There are other teams that have hit more home runs so far than the Yankees, who will hit them in London this weekend, just how they’ve hit them everywhere else.
Last year, the Yankees set an MLB record with 267 big flies, and the 134 they have this year puts them behind the Twins (149), Mariners (145), Brewers (139) and Dodgers (137), at least for now. But here’s the amazing thing in what has been such an amazing season for the Yankees on so many levels: They’ve hit that many home runs in a season when Giancarlo Stanton and Aaron Judge have combined to hit seven. Two years ago, when Stanton was the National League Most Valuable Player Award winner with the Marlins and Judge was the American League Rookie of the Year Award winner, they combined for 111.

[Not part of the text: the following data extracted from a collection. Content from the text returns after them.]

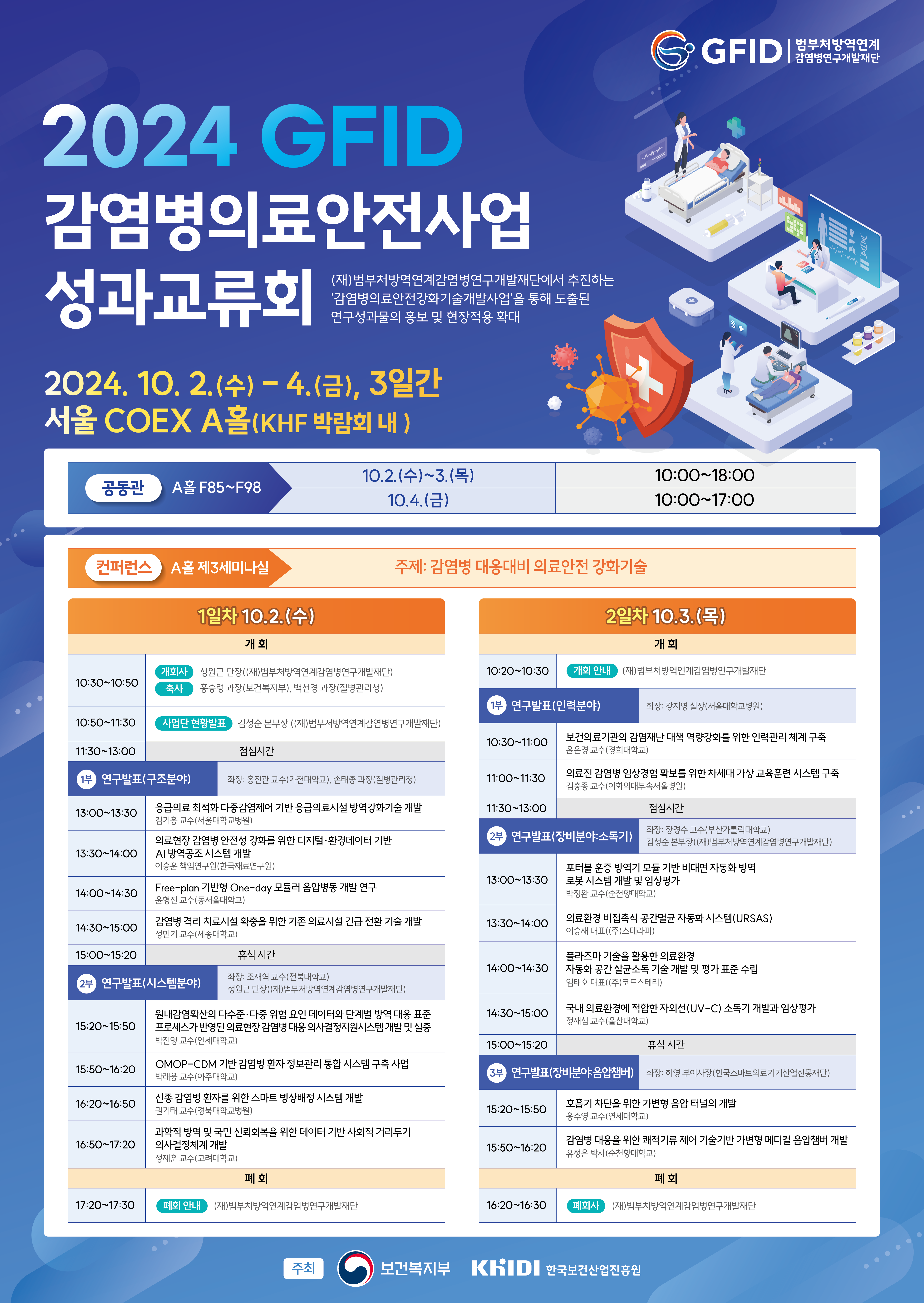 - 목적: 감염병의료안전강화기술개발사업에서 도출된 다양한 연구성과물에 대한 기술 교류 및 홍보
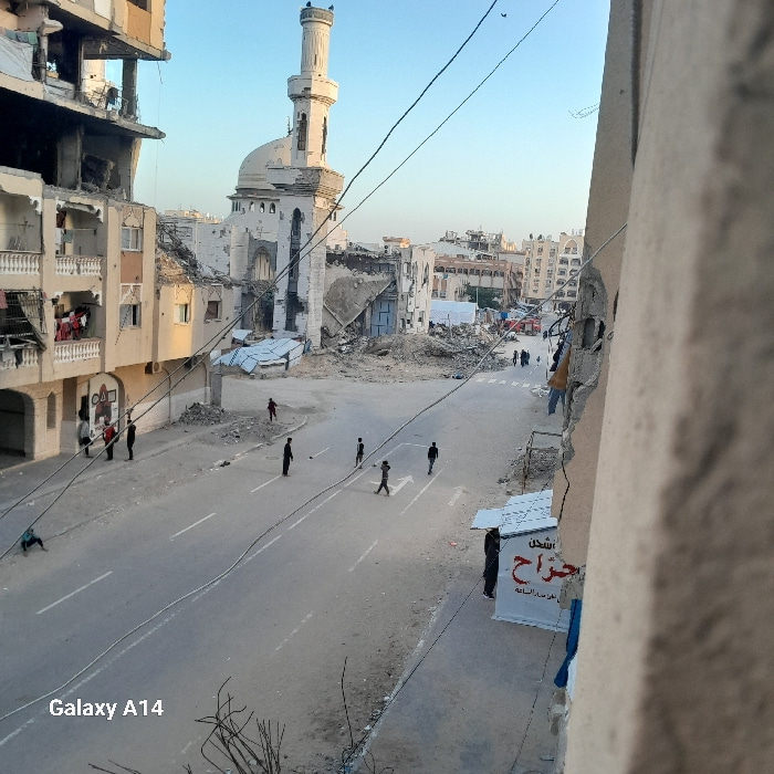 The image displays a damaged urban streetscape in Khan Yunis, Palestinian Territory, observed from an elevated vantage point, likely during morning or late afternoon. A prominent mosque with a minaret…read more
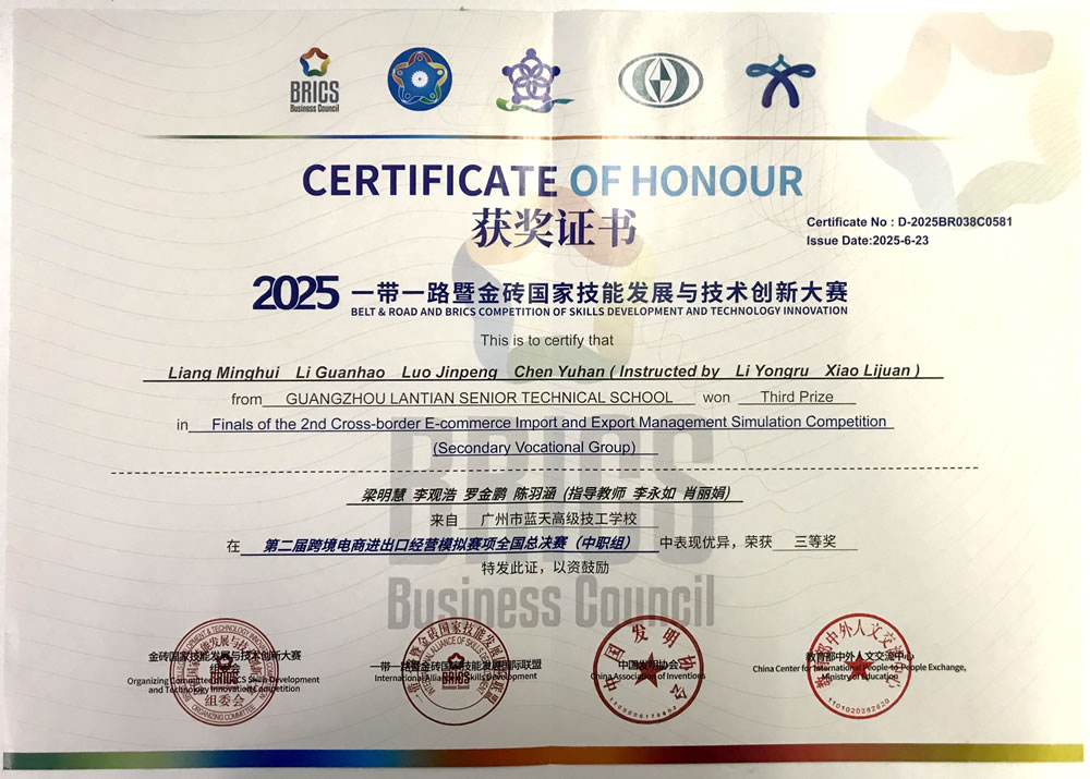 近日,2025“一带一路”暨金砖国家技能发展与技术创新大赛之第二届跨境电子商务进出口经营模拟赛项全国总决赛圆满落幕。广州市蓝天高级技工学校电子商务产业系陈羽涵等四位学子,凭借扎实专业素养、默契团队协作与出色临场发挥,从全国顶尖强队中脱颖而出,斩获全国总决赛三等奖,为学校再添国赛荣誉!
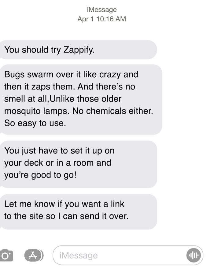 All we could hear was a quiet “zap” “zap” every time a mosquito would hitthe zapper.
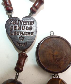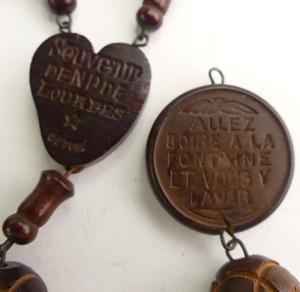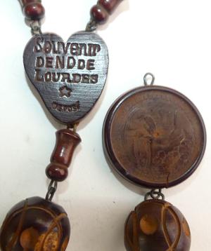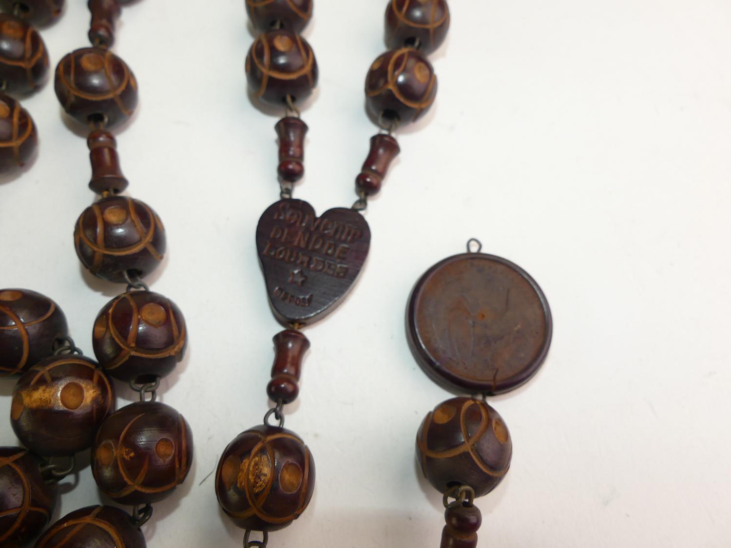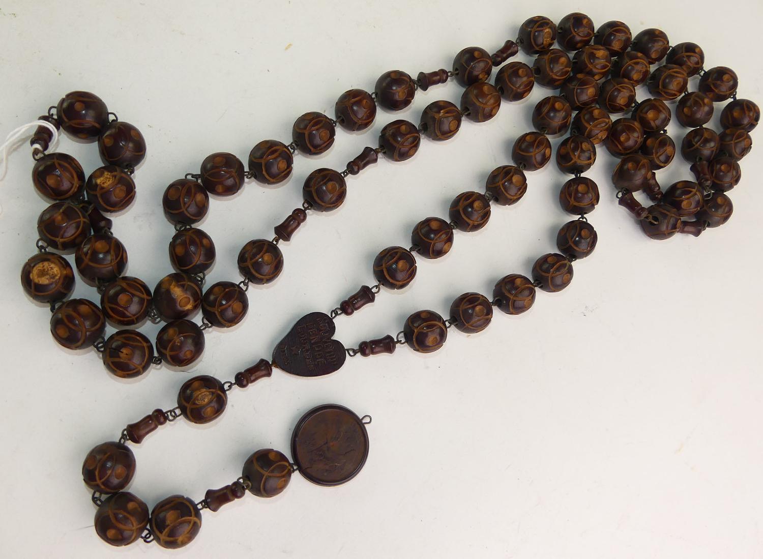 french carved nut rosary beads, 70" and 18" pendant
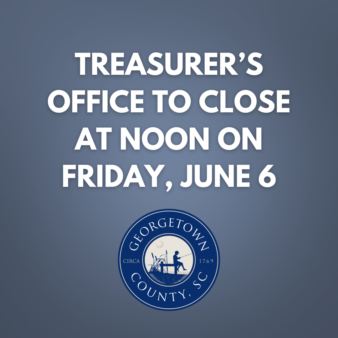 The Georgetown County Treasurer's Office will close early this Friday, June 6, for additional work following last week's water leak. The office will close at noon Friday and should return to normal operations the following Monday. We apologize for any inconvenience.

Stanton is now back on the injured list, likely until August, because of a sprained right knee. Judge just came off the IL. Already this season, the Yankees have put more than 20 players on the IL -- not just Stanton and Judge, but also Luis Severino, who was supposed to be their ace starter, and Dellin Betances, a four-time All-Star from their bullpen. Neither has pitched an inning this season. But that hasn’t stopped the Yanks from being tied with the Twins for the best record in the AL -- and tied for the second best record in MLB, behind only the Dodgers.
The Yankees are in London to play two games against the Red Sox this weekend, having won 11 of their past 12 games. They go to London on a rip where they have homered in 29 straight games, an all-time record for MLB. The Yanks have the best record in baseball history, and their 27 World Series are 16 more than the Cardinals, the team in second place. But because of all the injuries, there has never been a more a more compelling first half in Yankees history.
I asked my friend, Michael Kay, about all this the other day. He is the television voice of the Yankees on YES network, and he was one of their radio voices before that. He's also a New York City kid who grew up to cover the team for both the New York Post and New York Daily News.
“This is my 28th year [covering the team],” Kay said. “I have seen a team play better, which means the 1998 team. But nothing like this, when there is seemingly a daily significant injury and it doesn’t even register. They just plow on, plug in a different player, and keep winning. Nothing deters them. Nothing gets them down. Really have a ‘next up’ philosophy.”
Gio Urshela, a journeyman infielder for both the Indians and Blue Jays, helped carry the offense early in the season, and he is still hitting .303. Brian Cashman signed DJ LeMahieu to a two-year, $24 million free-agent contract, and now LeMahieu is deservedly starting the All-Star Game for the AL. Cashman picked up Cameron Maybin after he was released by the Giants, and Maybin was hitting .314 before he ended up on the IL, of course. Next up, indeed.
Here are five of the Yankees’ regular position players from last season -- a team that won 100 games: Judge, Stanton, Didi Gregorius, Aaron Hicks and Miguel Andújar. So far this season they have played 94 games between them. Andujar played 12 before being lost for the season to labrum surgery on his right shoulder. Stanton has played nine. Gregorius, now healthy again after offseason Tommy John surgery, has played 15. Judge has played 25, and Hicks has played 33.
Again: No Severino and no Betances. James Paxton, who was supposed to be the Yankees’ big offseason play for a starting pitcher, has had knee issues, and he has put together a modest 5-3 record with a 4.34 ERA. In his last start against the Blue Jays, Paxton gave up eight hits and six runs in 4 1/3 innings. It was 5-0 in favor of the Blue Jays after the top of the second, but the Yankees came back. They always seem to come back this season. They ended up winning 8-7 on a Gleyber Torres single in the bottom of the ninth.
Everything seemed to go right for the Red Sox last season. So much is going that way for the Yankees, even in a season when so much has gone wrong because of injuries to one key player after another. Domingo Germán stepped into the starting rotation, got his record to 9-2 and then went on the IL with a strained left hip flexor muscle, but he could rejoin the starting rotation as early as next week when the Yanks are back from London.
The team still crosses the Atlantic Ocean nine games ahead of the Red Sox in the AL East, during a season in which the Sox have really suffered two injuries of consequence -- to Mitch Moreland and Nathan Eovaldi, one of their pitching stars last October. The Yankees just took three out of four at Yankee Stadium from the Astros, and New York is suddenly 6 1/2 games ahead of Tampa Bay in the division. The team is still worried about starting pitching. It doesn't know when Stanton or Severino will be back. But the Yanks are still as good as any team in baseball.
There has never been a first half like this for the Yankees -- on either side of the Atlantic.